Understanding and constraining cloud feedbacks is one of the most pressing problems in current climate research. The most recent generation of state-of-the-art climate models still suffers from large uncertainty in the cloud-radiative response to global warming, which affects climate sensitivity estimates [1, 3, 39]. From this perspective, one important implication of the results above is that constraining the circulation response to global warming may not significantly reduce the uncertainty in the extratropical cloud feedback. This underlines the importance of studying the thermodynamic processes relevant to the cloud response. Around the midlatitudes, changes in optical depth associated with the amount of cloud liquid water appear to be particularly relevant to the cloud feedback, driven by the SW effect of low clouds [27, 31, 32, 39, 40]. Further research is necessary to understand how the cloud liquid water response to climate change depends on processes such as changes in boundary layer properties, phase changes in mixed-phase clouds, increases in moisture availability with warming, and aerosol forcing. Understanding the effects of such processes may also help identify observational constraints on the climate change response.

In this review paper, we have mainly discussed how dynamical changes affect clouds and radiation. However, there is increasing evidence that cloud-radiative effects can also feed back onto the atmospheric circulation, by regulating spatial patterns of diabatic heating. We believe that the most pressing open question in the field of cloud–midlatitude dynamics interactions concerns the extent to which clouds and radiation can affect the atmospheric circulation. It has been shown that cloud-radiative biases affect the general structure of the circulation (Y. Li et al., The influence of cloud radiative effects on the large-scale atmospheric circulation, paper submitted to Journal of Climate), and CRE biases appear to explain part of the circulation biases in climate models [41, 42]. Additional research is needed to address the following two questions:
  1. 1.

    To what extent can cloud-radiative effects dampen or amplify atmospheric modes of variability?

    We have shown that the dominant mode of extratropical dynamical variability, consisting of a meridional shift of the midlatitude jet, yields relatively small changes in CRE on annual- and zonal-mean scales. Nevertheless, the possible importance of such seemingly small CRE variability remains to be assessed. For example, Li et al. [20] point out that the LW anomalies associated with the NAM tend to dampen the temperature anomalies during winter, which could reduce the persistence of the annular mode. In addition, SW anomalies could affect the magnitude of SST anomalies driven by dynamical variability, affecting ocean–atmosphere coupling time scales. To our knowledge, the impact of cloud-radiative anomalies on the persistence of dynamical modes of variability has not been quantified.
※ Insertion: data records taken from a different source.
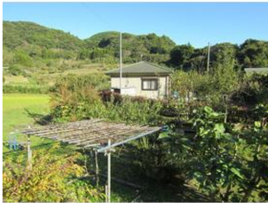
種類様々な果樹も豊富で、収穫も楽しみです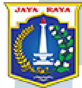
Gambar 2.1. Logo

Kantor Suku Dinas Komunikasi, Informasi dan Statistik Kota Administrasi Jakarta Pusat merupakan salah satu bagian dari kantor unit pelaksana teknis di bawah Dinas Komunikasi, Informatika, dan Statistik Provinsi DKI Jakarta. Memiliki kedudukan yang sejajar dengan Kantor Suku Dinas Komunikasi, Informasi, dan Statistik di kota administrasi wilayah Jakarta Timur, Kantor Suku Dinas Komunikasi, Informasi, dan Statistik di kota administrasi wilayah Jakarta Barat, Kantor Suku Dinas Komunikasi, Informasi, dan Statistik di kota administrasi wilayah Jakarta Utara, Kantor Suku Dinas Komunikasi, Informasi, dan Statistik di kota administrasi wilayah Jakarta Selatan. Kantor - kantor tersebut Memiliki tanggung jawab atas pelaksanaan urusan pemerintahan di bidang komunikasi dan informatika, statistik, serta persandian alias IT di wilayah kota masing-masing. Pembentukan ini bertujuan untuk mengatur sistem tata kerja IT dan mengatur sistem jaringan di setiap pemerintahan kota administrasinya.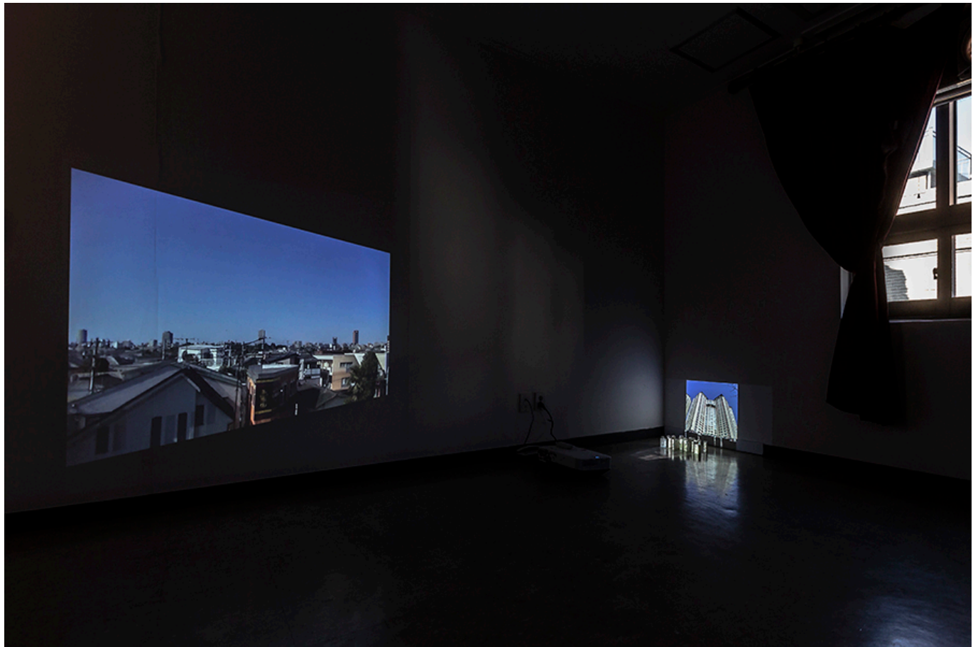
Korean Sceneries _Video installation_OPEN STUDIO View at Incheon Art Platform_2018

A. 이 작품은 도시의 다양한 풍경과 건축을 보여줍니다. '도시'라는 주제를 통해 현대 도시의 변화와 발전을 탐구합니다. 작품은 도시의 다양한 층위를 보여줌으로써, 도시의 복잡성과 다양성을 강조합니다. 또한, 도시의 발전과 함께 발생하는 사회적 문제와 환경 문제를 암시적으로 드러내며, 도시의 미래를 고민하게 합니다. 이 작품은 도시의 현재와 미래를 연결하는 다리 역할을 하며, 도시의 가치를 재조명하고, 도시의 미래를 위한 고민을 촉구합니다.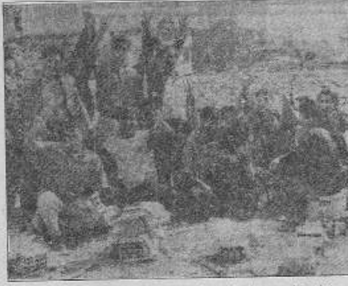
İşçiler, teslimiyetin mücadelesini yıkırtıya uğratacağını kavrayarak harekete geçiyorlar.

Yaptıkları toplantılarda arkadaşlarına sendikaların ne olduğunu anla-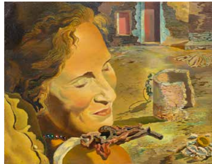
Retrato de Gala con dos costillas en equilibrio sobre su hombro , c. 1934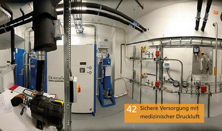
42 Sichere Versorgung mit medizinischer Druckluft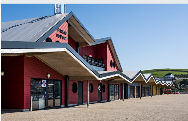
PORT DIELETTE Les Pieux (50)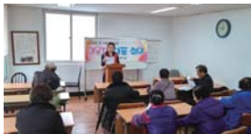
이용자대표 회의(매월 마지막주 수요일)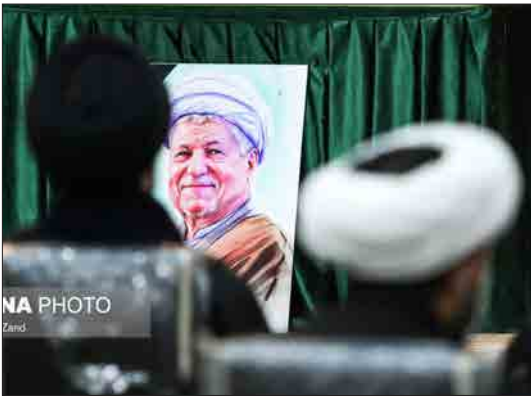
ایسنا- مراسم چهارمین سالگرد درگذشت آیت الله هاشمی رفسنجانی رئیس اسبق مجمع تشخیص مصلحت نظام پنجشنبه هجدهم دی ماه با حضور اعضای خانواده ایشان، سیدحسن خمینی و برخی مقامات کشوری در حرم مطهر بینا نگار جمهوری اسلامی ایران برگزار شد.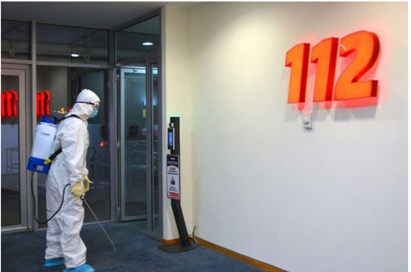
შსს-ს საზოგადოებრივი უსაფრთხოების მართვის ცენტრ 112-ში სადებიინფექციო სამუშაოები ჩატარდა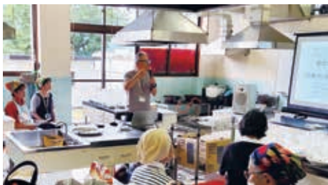
(大町町 にほんご こりすくらぶ)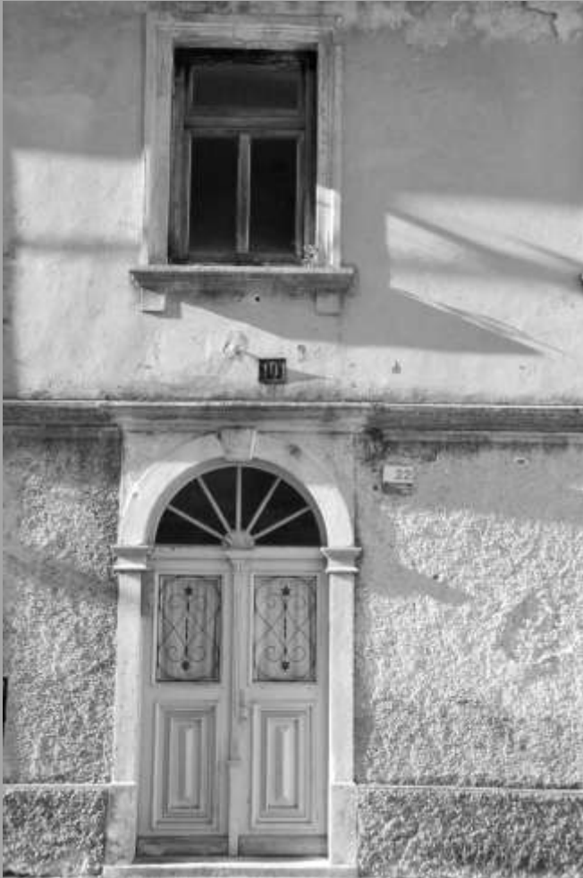
Jutro v Vipavi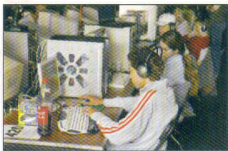
Goed zicht op het moederbord.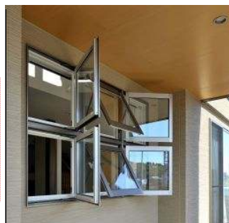
《「開ける技術」・フル3D ウィンドウ》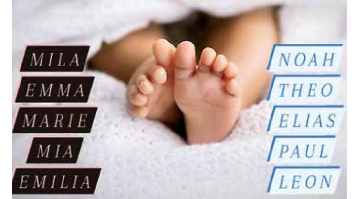
Die Zeiten, als Kevin noch alleine zu Hause sein Namensschicksal tragen musste oder Janine auf „Komma bei die Omma“ hörte, sind schon lange vorbei. Klassiker waren wie die Jahre zuvor auch 2020 gefragt. Der Vorteil: Sie sind (fast) überall üblich und klingen auch noch nach Jahrzehnten so zeitlos wie in den vielen Jahren zuvor.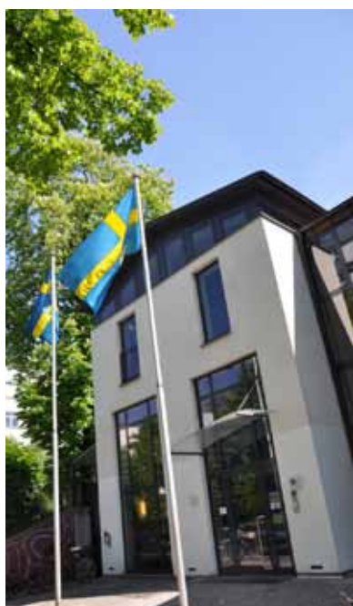
Svenska Kyrkan i Berlin.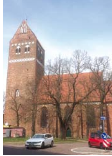
↑↓ St. Marienkirche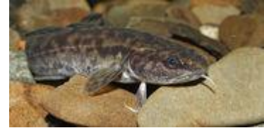
Adulte Quappe

Die Quappe ( Lota lota L. ) ist ein dorschartiger Süßwasserfisch, der einst deutschlandweit in Fließ- und Stillgewässern verbreitet war und in Flüssen auf intakte Auen angewiesen ist. Heute sind die Bestände der Quappe in mehreren Bundesländern gefährdet, in Nordrhein-Westfalen ist die Art vom Aussterben bedroht. Mit den Maßnahmen im Projekt „Die Quappe im Rheingebiet – ein verborgener Fisch kehrt in Fluss und Stillwasser zurück“ sollen die Bestände nun stabilisiert und gefördert werden.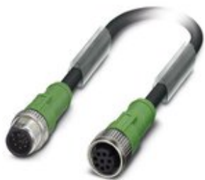
Sensor-/Aktor-Kabel, 8-polig, PVC, schwarz RAL 9005, Stecker gerade M12, Kodierung: A, auf Buchse gerade M12, Kodierung: A, Kabellänge: 3 m

Bitte beachten Sie, dass die hier angegebenen Daten dem Online-Katalog entnommen sind. Die vollständigen Informationen und Daten entnehmen Sie bitte der Anwenderdokumentation. Es gelten die Allgemeinen Nutzungsbedingungen für Internet-Downloads. ( http://phoenixcontact.de/download )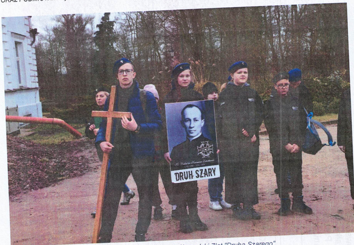
Ilustracja 13 ZHP Hufiec Łomża; XXX Jubileuszowy Ogólnopolski Zlot "Druha Szarego"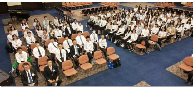
▲全台大學新生特會在中部相調中心舉行

新生特會信息的內容，是專特為著大一新生設計，其中包含靈的認識與操練、晨興及個人禱告，期望他們能在運用靈上有突破，過著與主親近、天天吸取主、並泡透在屬靈滋養之下的生活，因而在屬靈的生命上長進。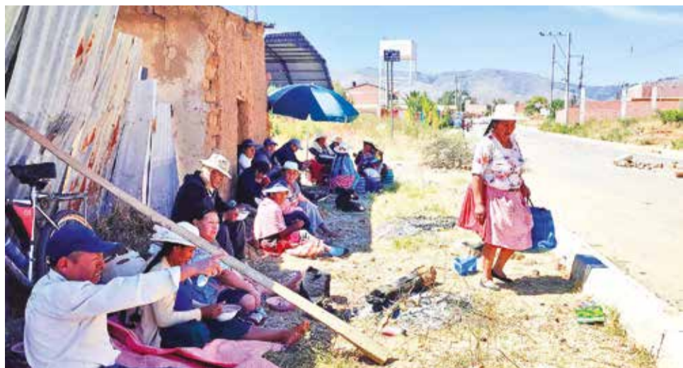
El bloqueo en el complejo de residuos sólidos de Sacaba, ayer. DANIEL JAMES

Aseveró que, desde el jueves, los legisladores no acuden a las sesiones para tratar la norma que exigen los movilizadas.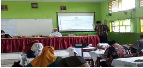
Gambar 4.3 dokumentasi keterlibatan kepala sekolah dalam memberikan pengajaran dan pembinaan agama kepada guru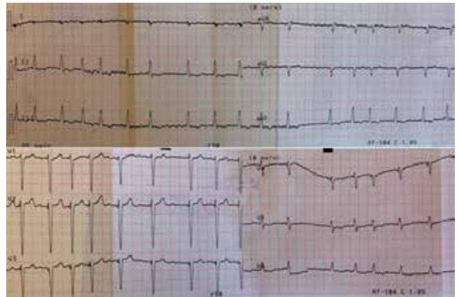
Рис. 1. Электрокардиограмма больного А.

При рентгенографии органов грудной клетки сердечная тень значительно увеличена в размерах (поперечный размер 25 см), корни скрыты за тенью сердца. Правый купол диафрагмы расположен на уровне переднего отрезка 7-го ребра, левый четко не дифференцируется. При рентгеноскопии в левой плевраль-

Such an effect would likely be seasonally dependent, since the relative magnitude of the SW and LW effects is a strong function of the season.

     
  2. 2.

    To what extent can cloud feedbacks modulate the atmospheric circulation response?

    The current generation of climate models suffers from large uncertainty in the representation of the extratropical circulation response to climate change [e.g., 11, 43]. While a substantial fraction of this uncertainty is related to dynamical biases [44], there is increasing evidence that cloud processes also contribute to the spread in the dynamical response. For example, the meridional structure of SW cloud feedbacks has been related to inter-model differences in the jet response [28] and in ITCZ shifts [45] through differences in the spatial patterns of warming. The multi-model mean SW cloud feedback in the RCP8.5 experiment of CMIP5 consists of a meridional dipole with enhanced subtropical warming and a negative feedback at high latitudes, which tends to enhance the equator-to-pole temperature gradient; such a response could contribute to the poleward shift of the midlatitude jet and storm track [28, 46]. Using a cloud-locking procedure in two climate models, Voigt and Shaw [47] showed that LW cloud feedbacks also tend to enhance the poleward shift of the midlatitude jets upon an SST increase; they ascribed this result to the stabilization of the tropical troposphere by the LW cloud feedback, which acts to shift the baroclinically unstable regions poleward.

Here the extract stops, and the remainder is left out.